Nevertheless, she attempted to maintain conventional etiquette. “Thank you. I’m Holly Casale. Uh, from Michigan.”

“She loves golf!” Trent exclaimed winsomely. “Her chip shot is awesome!”

“Give me a break, Trent, I know you broke her window.” Rafe took the golf club from Holly’s hand. “Now, how are we going to arrange to pay for it?”

“You’re mad at me!” wailed Trent. “You hate me! You’re going to send me away, I just know it!” Howling at the top of his lungs, he raced down the street.

Holly was nonplussed. “Should you go after him? Is he running away?”

“No, he has nowhere else to go and he knows it. Trent’s mother would send him back if he tried to go to her place. Looks like he’s heading for the Steens’, who truly take the concept of neighborliness to the highest level.”

They both watched the boy run to the front door of one of the condos halfway down the block. The door was opened by a woman who greeted Trent with a smile and allowed him to enter.

“Yeah, the Steens.” Relieved, Rafe nodded his approval. “God bless them.” He shifted the golf club from one hand to the other. “I want Trent to accept responsibility for breaking your window. How about if he cuts your grass for the rest of the summer? Of course, I’ll assume the expense of replacing your window.”

“I’m confused about something.” Holly glanced up at him.

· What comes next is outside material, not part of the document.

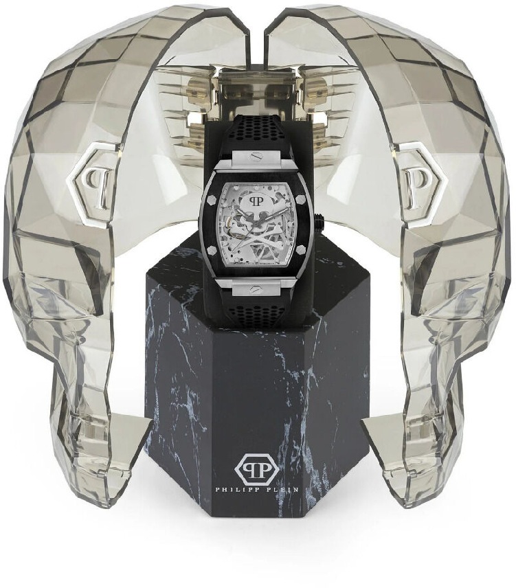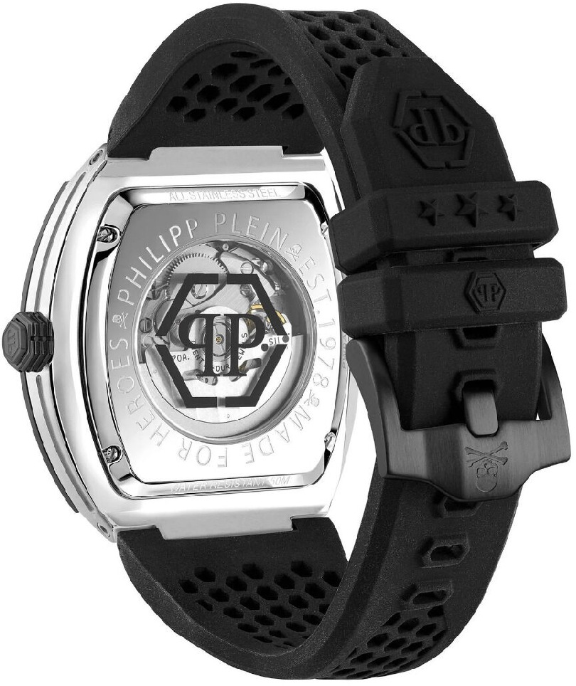 • Men's Philipp Plein The Skull Automatic Silicone Strap Watch PWBAA2023
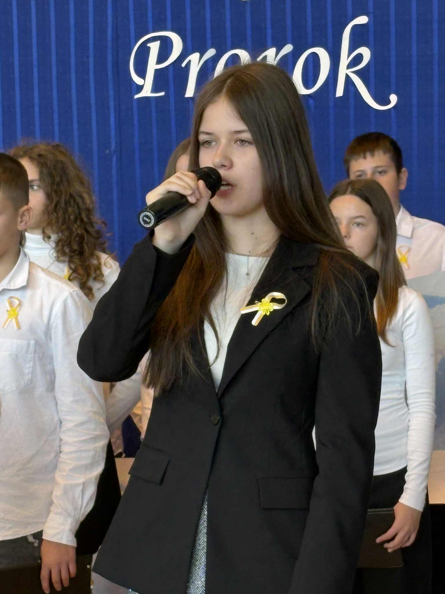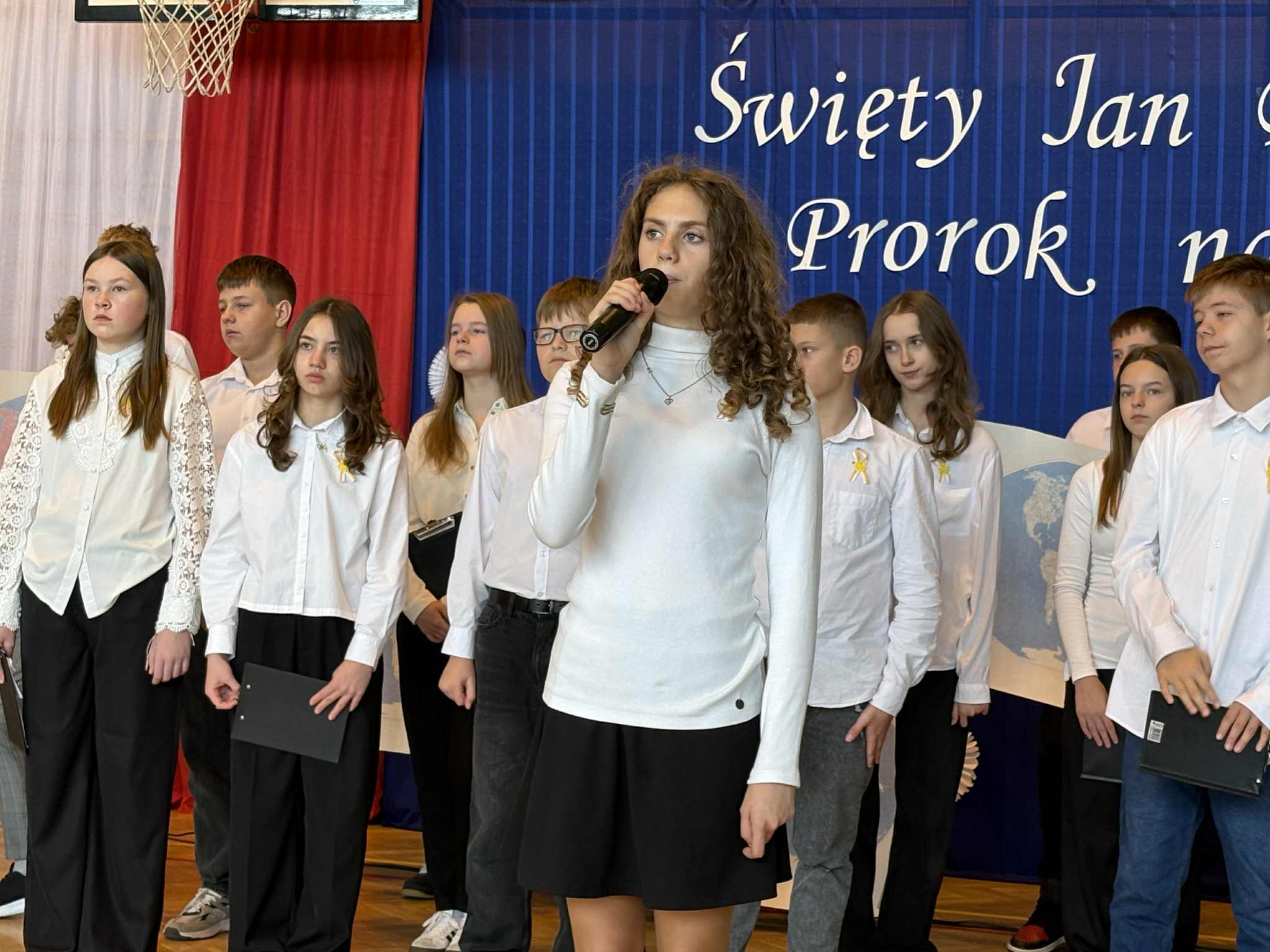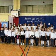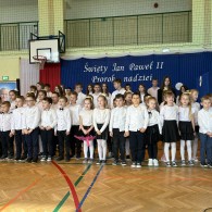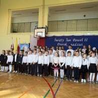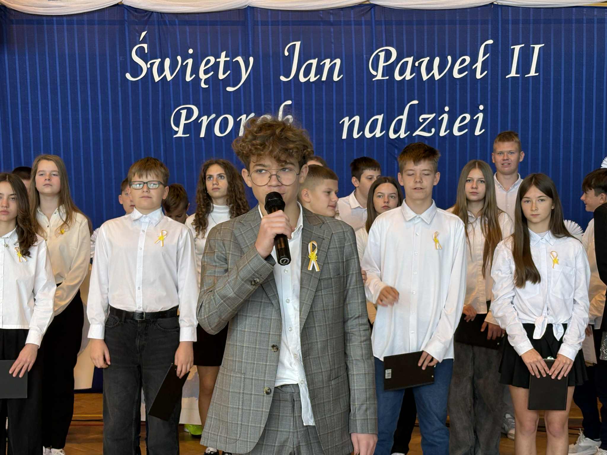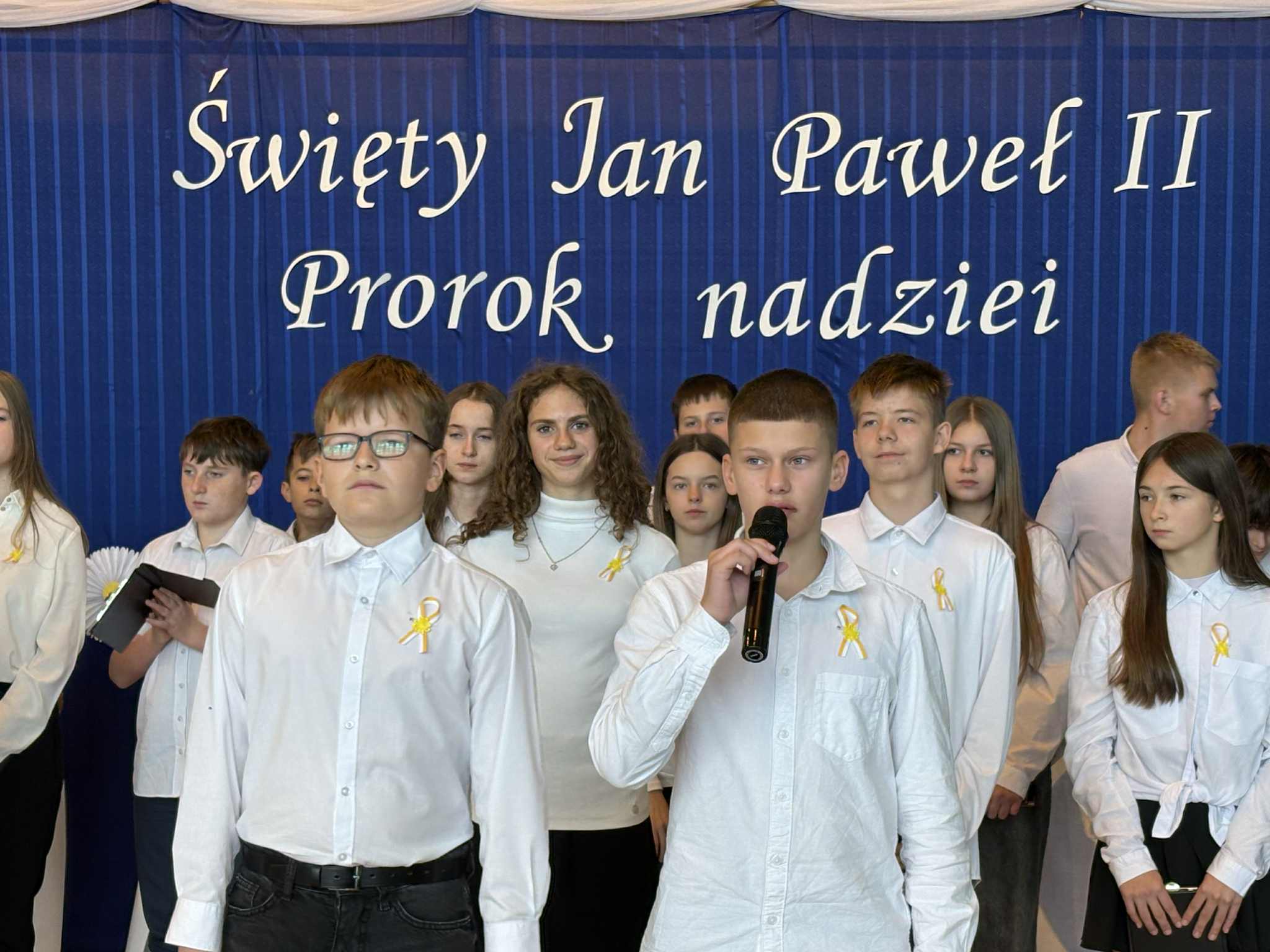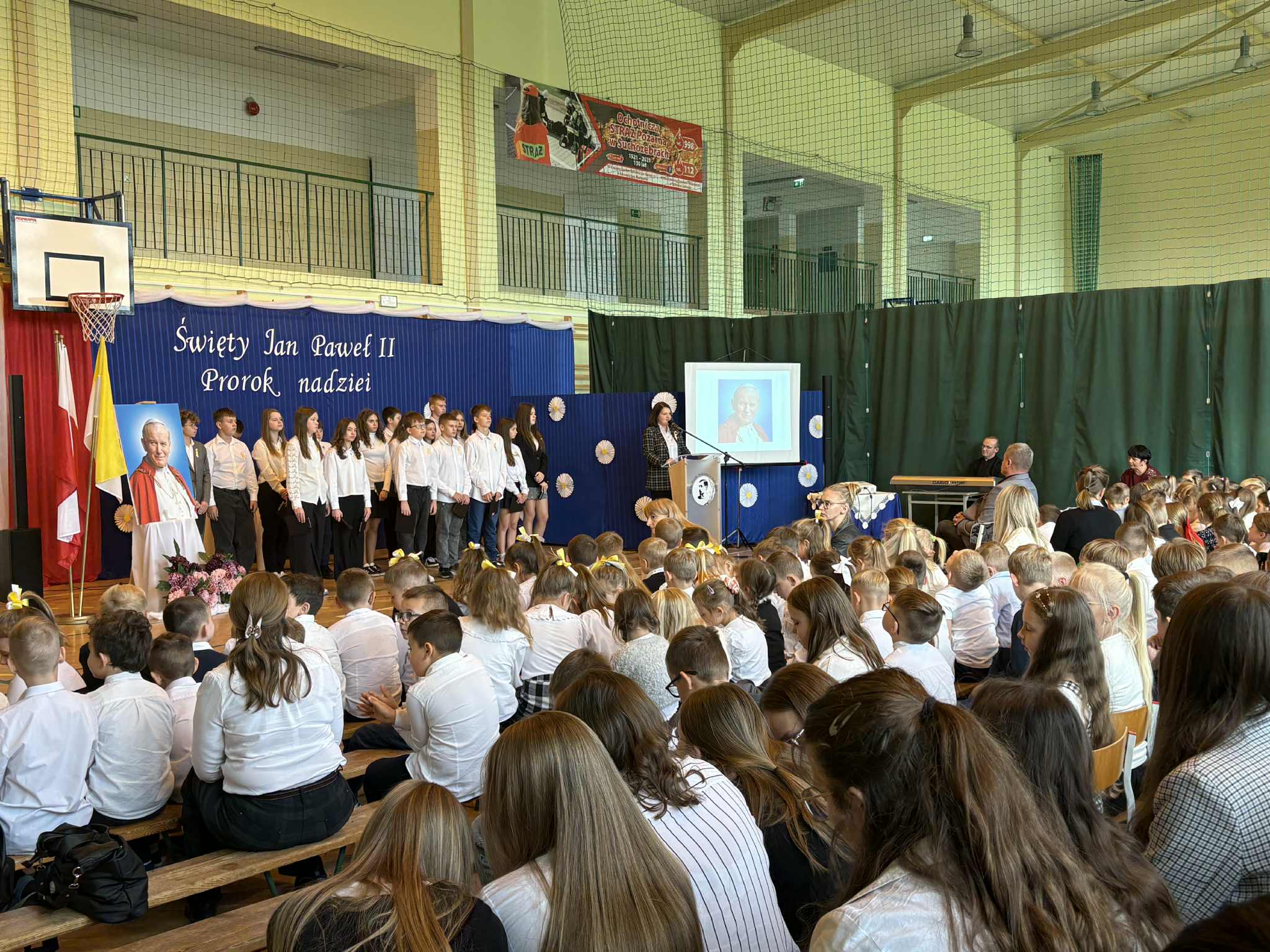 Uroczystość uświetniły również występy wokalne uczniów klas Ia i Ib, którzy z wielkim przejęciem i radością wykonali pieśń „Ty wyzwoliłeś nas, Panie”, oddając hołd Świętemu Janowi Pawłowi II i jego nieustającemu przesłaniu miłości do Boga i człowieka.

He towered over her, something that rarely happened at her five-foot-eight height. But Rafe Paradise was at least six foot four, and he was definitely towering.

“You have a perfect right to be.” His dark eyes glinted. “Feel free to ask whatever question that needs answering.”

“The little boy called himself Lion. You call him Trent.”

“He’s been Lion for the past few months, since he decided to be a golf phenom like Tiger Woods. But his real name is Trent Krider. He’s my Little Brother.”

“Oh.” Holly was embarrassed to hear how astonished she sounded.

The astute Rafe Paradise reacted immediately. “Think capital letters. Trent is assigned to me by the Big Brother/Big Sister organization. Does that satisfactorily explain how a blond, blue-eyed child could be brothers with a half-breed Indian?”

Holly’s face turned scarlet. As if of their own volition, her eyes dropped to his well-worn moccasins.

Rafe noticed that, too. “They were handed down to me by my great-great-grandfather, Chief Lightning Bolt, who once ruled the Plains,” he drawled. “Being August, it’s too hot to wear my buffalo skins, but I keep them and my headdress in the wigwam out back.”

Holly was aghast. She had unwittingly insulted him and his proud ancestors!

“I—I never meant to imply...or...or...to—to disparage your Native American heritage in any way, Mr. Paradise. I apologize. I—I never intended to be so tactless and I am deeply sorry that—”

“All you said was ‘oh,”’ Rafe said dryly. “How was that tactless or disparaging?”

“I was nonverbally disrespectful,” Holly lamented, horrified by her lapse. She would not spare herself. “I—I looked at your moccasins.”

“Since when is that a crime?”

“Tone of voice, staring, or even silence can be offending and offensive,” Holly persisted frantically.

“I was just kidding, okay? Trying to make a joke, although judging by your reaction, I obviously didn’t succeed.”

Holly wasn’t sure how to respond.

“Look, I don’t feel offended.” Rafe shrugged.

“You are very understanding, Mr. Paradise.”

“It’s Rafe. We might as well dispense with formalities since we’ll be living next door—and my Little Brother has already started breaking your things.”

“Accidents happen.” Holly smiled at him. “Don’t worry about it.”